The gap between AI demos and production systems is wider than most people realize. That impressive chatbot you saw at a conference? It was probably running on cherry-picked examples with a human ready to intervene. The “AI-powered” feature your competitor launched? There’s a good chance it’s simpler than their marketing suggests, or struggling behind the scenes.
This isn’t cynicism—it’s reality. And it’s why proof of concept (POC) projects matter so much. A well-designed POC bridges the gap between “this technology exists” and “this technology works for our specific problem.” A poorly designed one wastes months and money while teaching you nothing useful.
Here’s how to build a POC that actually proves something.
What a POC Should Accomplish
Before diving into execution, let’s be clear about what a POC is and isn’t.

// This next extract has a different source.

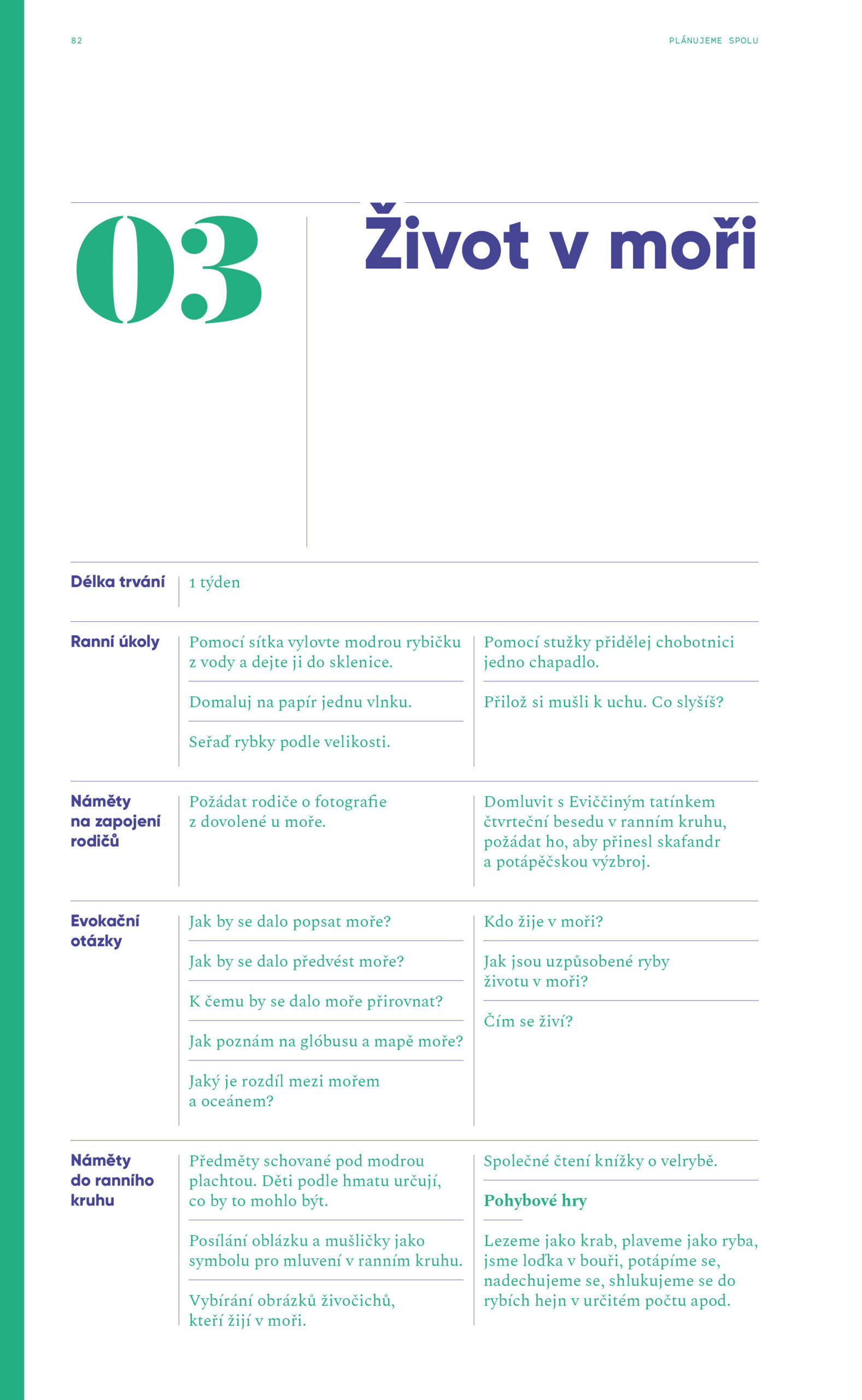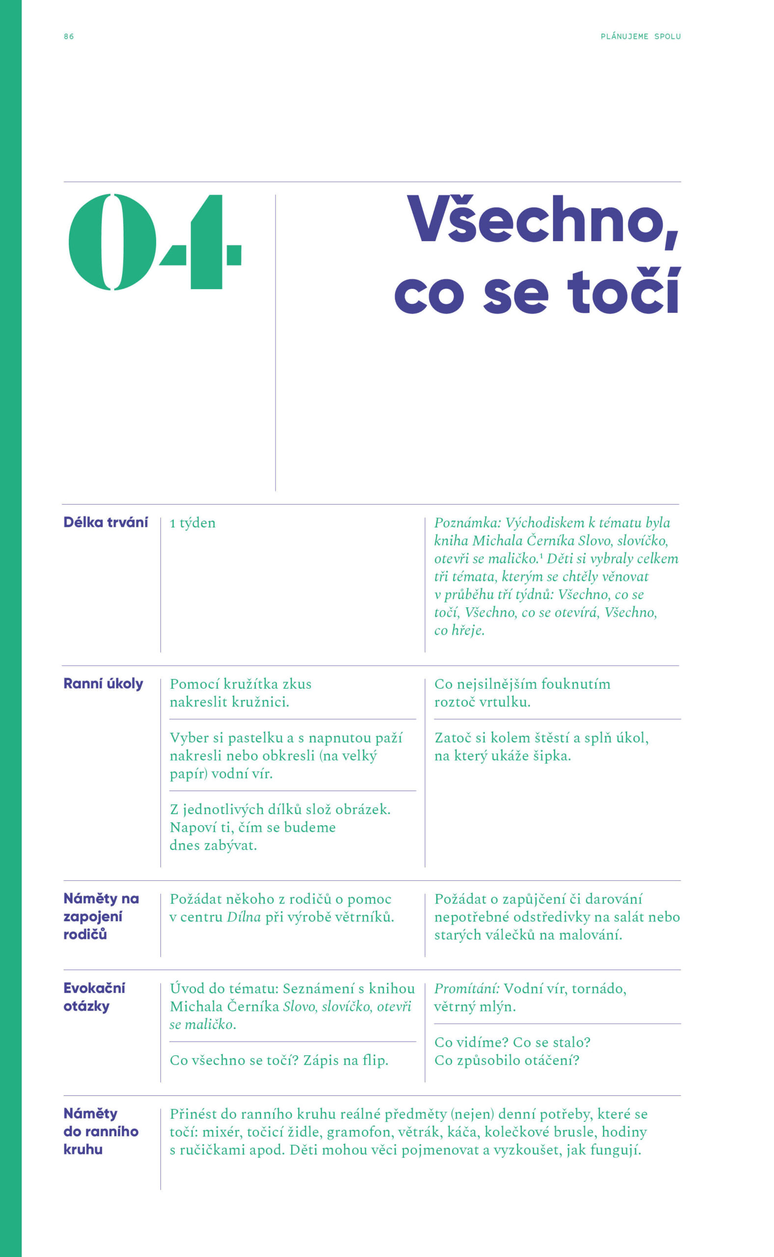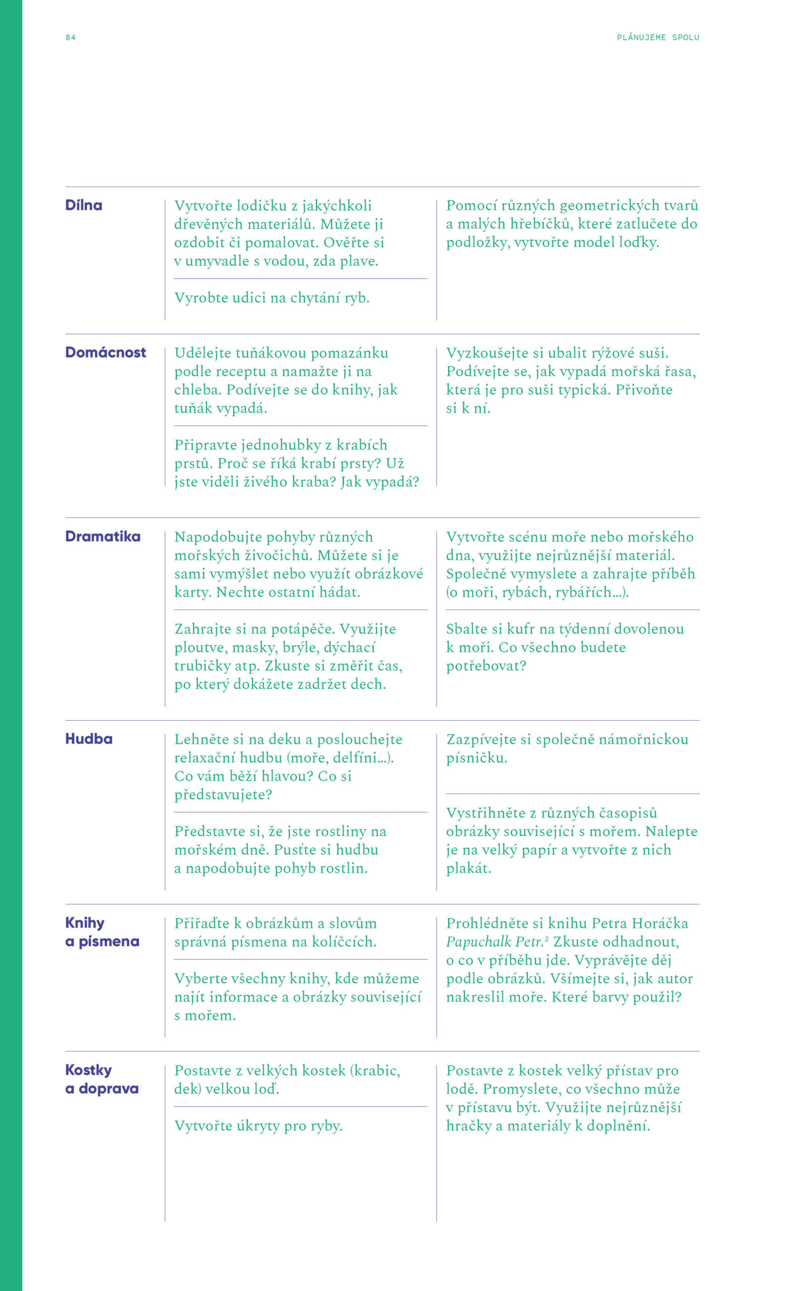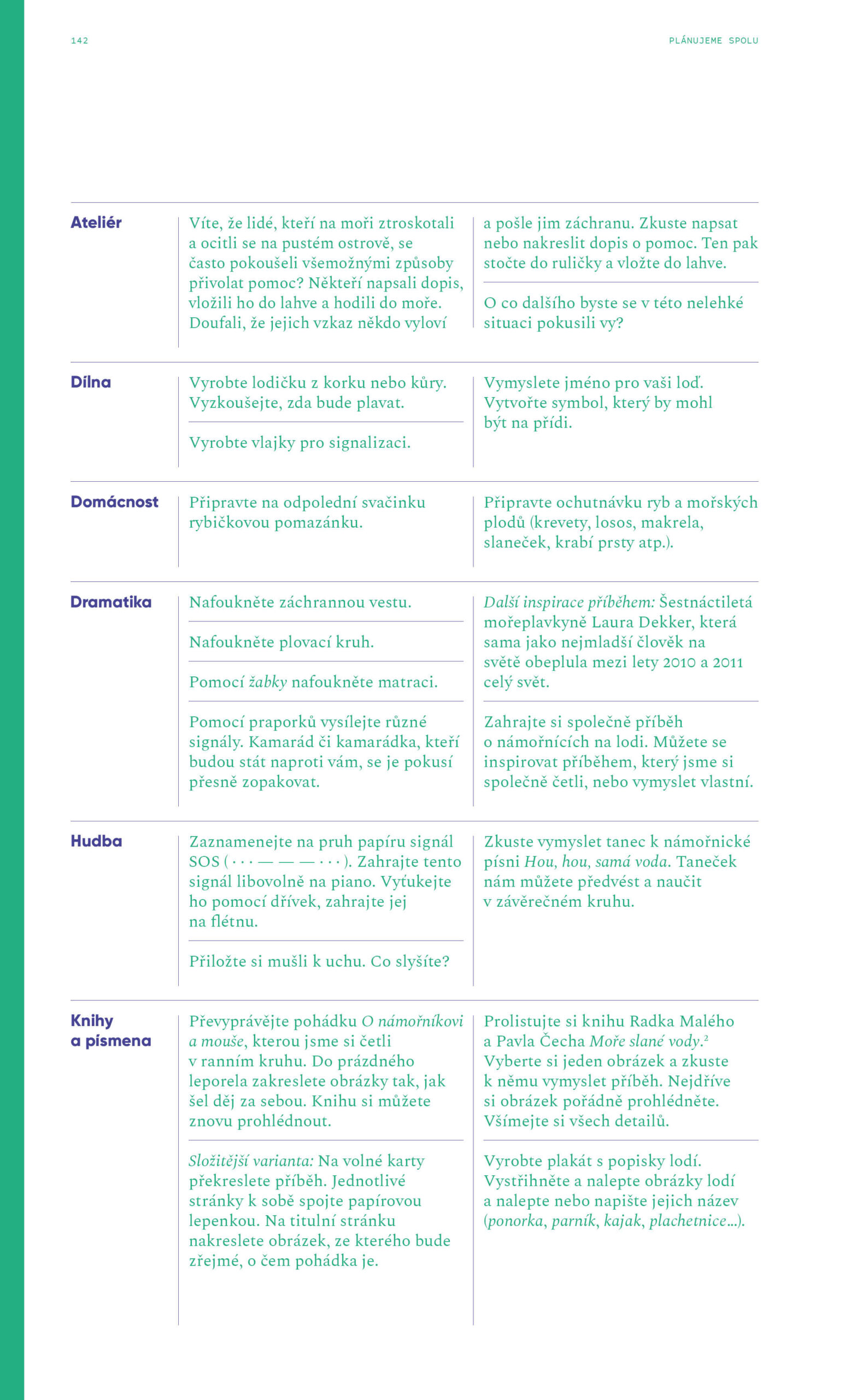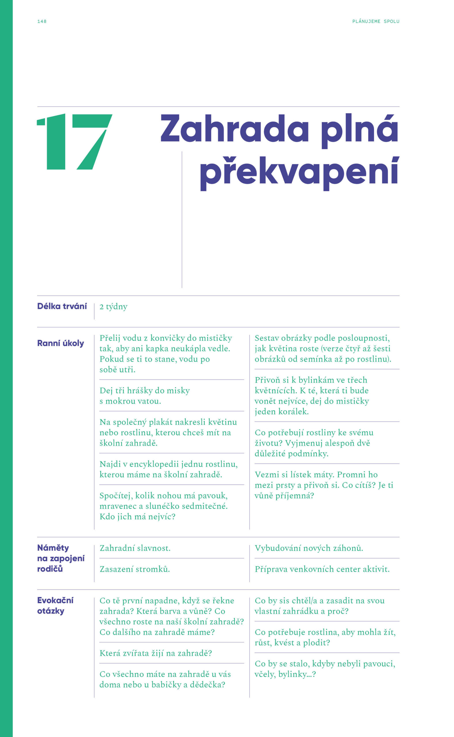Druhá část obsahuje 20 praktických příkladů zpracovaných do podoby námětových listů (NL). Ty vychází z různých integrovaných tematických bloků, které byly realizované v mateřských školách Začít spolu. Každý NL obsahuje konkrétní příklady, jak rozpracovat jedno téma do všech center aktivit, jak jej propojit s ranními úkoly, činnostmi v ranním kruhu, jak téma přiblížit dětem i mimo MŠ, nabízí možnosti, jak zapojit rodiče atp.

A proof of concept should answer one fundamental question: Can AI solve this specific problem well enough to be worth pursuing further? That’s it. It’s not a production system. It’s not a demo for investors. It’s an experiment designed to reduce uncertainty before you commit serious resources.
A good POC should tell you:
- Whether the problem is tractable. Can current AI capabilities handle this task at an acceptable quality level?
- What data you actually need. Not what you think you need—what the model actually requires to perform well.
- Where the hard parts are. Every project has gotchas. Better to find them with a two-week experiment than six months into a full build.
- What success looks like. Concrete metrics that translate to business value.
A POC is not the place to build a complete system, optimize for scale, or create a polished user experience. Those come later, after you’ve validated that the core AI capability works.
Choosing the Right Problem
The problem you choose for your POC matters more than most teams realize. Pick wrong, and even a technically successful POC won’t lead anywhere useful.
Characteristics of Good POC Problems
High volume, moderate complexity. Look for tasks your team does repeatedly that require some judgment but aren’t the most complex things they handle. Processing expense reports, categorizing support tickets, extracting key information from standard documents—these make good POCs because they’re common enough to matter and structured enough to tackle.
Clear success criteria. You need to know what “good enough” looks like before you start. If you can’t define success, you can’t prove anything. “The AI should be as good as a human” is vague. “The AI should correctly categorize 85% of tickets, measured against a sample of 200 labeled by our team lead” is testable.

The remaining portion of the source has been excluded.